# I finally did it!



## psrumors (Apr 25, 2004)

Yup that's right, I did it. What might you ask? I bought a JD 4410.

YEEEEEEEEE HAAAAAAAAWWWWWWW!!!!!!!! Now if the darn thing will get delivered. But that will be Wed or Thurs of next week. I am going out of town on business so the dealer is going to get it ready between now and then and deliver it when I get back in town.

I think I got a pretty good deal. It came to $19,900 plus tax.

What I got you ask?

4410 which only comes 4wd
eHydro
R4 Tires
telescoping draft links
the optional speed match
the optional upgrade to the cruise system
set of rear wheel weights
430 loader w/ bucket, hood guard and bucket level indicator

So did I do good Paw?

The tractor as built lists for $25,933. Which comes to a 23.2% off.


----------



## bontai Joe (Sep 16, 2003)

A 23% discount on anything like that is pretty darn good. Sure is a lot of money...



Sure is a lot of tractor!


----------



## Stewart (Sep 17, 2003)

You are my new hero!!!!!:worthy: 

Nice ride, don't forget the pictures when you get a hold of it!!!:worthy: :worthy: 
:cheers:


----------



## Chris (Sep 15, 2003)

Wait a second, I thought you only dealt with antique tractors! 
(HAHAHAHA)

GREAT CHOICE! WOWSER 

WE WANT ALL THE PICS!   

:furious: :furious: :furious:


----------



## psrumors (Apr 25, 2004)

I told the wife she would have to take the pics when it is delivered.

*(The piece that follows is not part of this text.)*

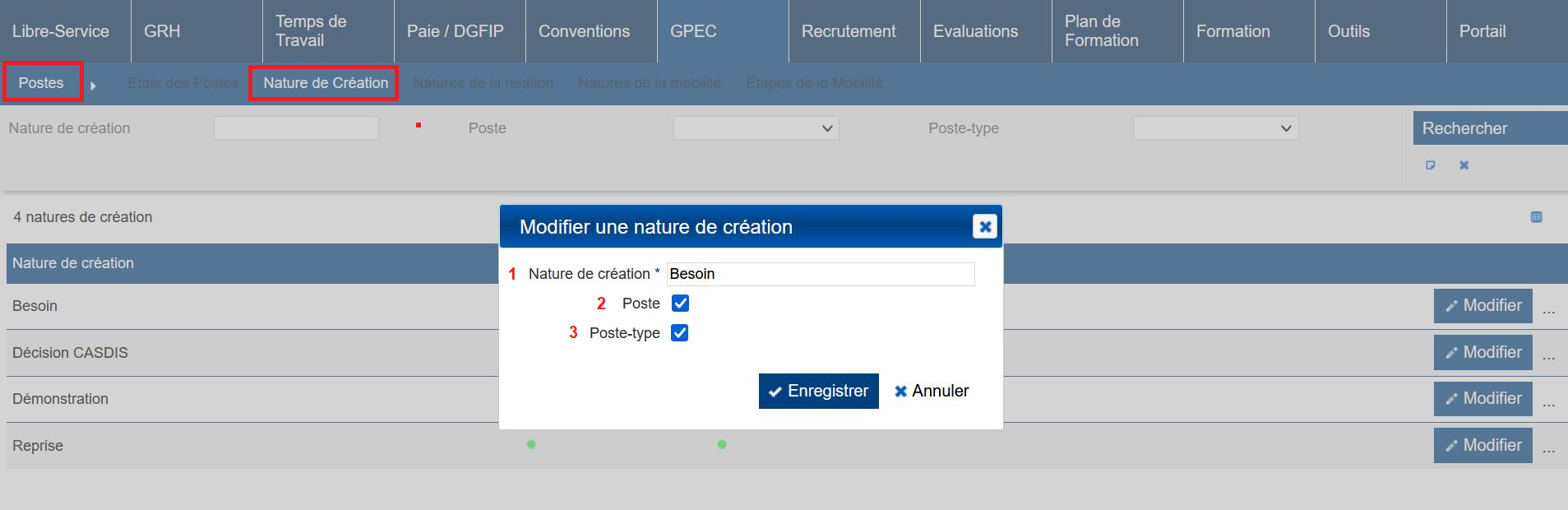 Lors de la création d’un poste-type ou d’un poste, il est obligatoire de lui attribuer une nature de création (raison pour la création du poste).

I'll be to busy jumpin up and down a screamin and a hollirin. I bet I don't sleep a wink between now and then.


----------



## guest (Sep 16, 2003)

congrats ps.. 
lucky bastard!!!


----------



## psrumors (Apr 25, 2004)

lol


----------



## GreenMtnMan (Jan 9, 2004)

Congrats! If I could have got that kind of a deal I would have gotten the 4410 too 

OK, tips.

1. Ask your dealer for a sealed battery cap with a vent tube that can be extended out the bottom of the tractor. This will prevent battery gasses from getting drawn into the radiator.

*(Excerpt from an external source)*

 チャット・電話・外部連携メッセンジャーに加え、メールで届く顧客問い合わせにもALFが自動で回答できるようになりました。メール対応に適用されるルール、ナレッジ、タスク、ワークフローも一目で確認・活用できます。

2. Before you bush hog or drive into tall bush, crawl under the tractor and make sure all the wiring harnesses are tied up tight and high. It seems sometimes they are exposed and can get caught and torn by tall brush.

3. Give it a good once-over to make sure all the bolts are tight. I found one loose ROPS nut on mine (225 lbs of torque on those babies). Also, check the wheel torque daily for a week or two. The paint on the rims will compress and cause the bolts to loosen for awhile.

4. A good diesel fuel treatment, like JD summer formula or Power Service will make the engine run quieter and smoke less.

Above all, have a blast!


----------



## psrumors (Apr 25, 2004)

Thanks for the tips GreenMtnMan.

Has anyone tried a sealed gel type battery like the Optima? I had read somewhere else about the batteries leaking.


----------



## GreenMtnMan (Jan 9, 2004)

I have never heard of the batteries leaking. Well, mine leaked when I rolled my tractor because a cap came off but that wasn't the batteries fault. These batteries are group 22NF and Optima doesn't make those. I asked a guy at Batteries Plus about this. There was another manufacturer that made AGL group 22NF batteries (I think their name was M & K), but the guy at batteries plus said they didn't have enough cranking power - he had sold several to tractor owners and they were all returned. I think the JD batteries are good, it's just outgassing on hot days which is common on tractors with the batteries in front of the radiator. A remote vent battery cap will fix that right up.


----------



## MowHoward2210 (Nov 2, 2003)

:thumbsup:


----------



## jodyand (Sep 16, 2003)

Congrats psrumors i know you will love it:thumbsup: Now all you have to do is add it to your signature


----------



## Argee (Sep 17, 2003)

Fantabulous!!!!I know you're gonna love it......Details...Details...Details..............Pics...Pics....Pics:


----------



## Argee (Sep 17, 2003)

Talk to Chief about that battery thing...I think he had a battery problem once.


----------



## Chris (Sep 15, 2003)

Yep vented battery caps ----

Here is the complete thread on it.

http://www.tractorforum.com/forums/showthread.php?threadid=1377


----------



## guest2 (Dec 27, 2003)

psrumors,
Good luck!! I guess Wednesday or Thursday can't get here fast enough!


GreenMtnMan
Great tips, especially the paint on the wheels loosening the lugs. Who would think of that? It would probably apply to smaller tractors as well. I had a wheel loosen up on my craftsman when it was fairly new and just figured someone forgot to tighten it but maybe not.


----------



## GreenMtnMan (Jan 9, 2004)

I'm sure loosening wheels aren't due exclusively to paint, but it contributes to the problem. Wheel bolts stretch and, depending on the design, the wheel flange can compress some as well. It's all part of normal break-in and to be expected.


----------



## Chris (Sep 15, 2003)

Excellent insight Green! 

:cheers:


----------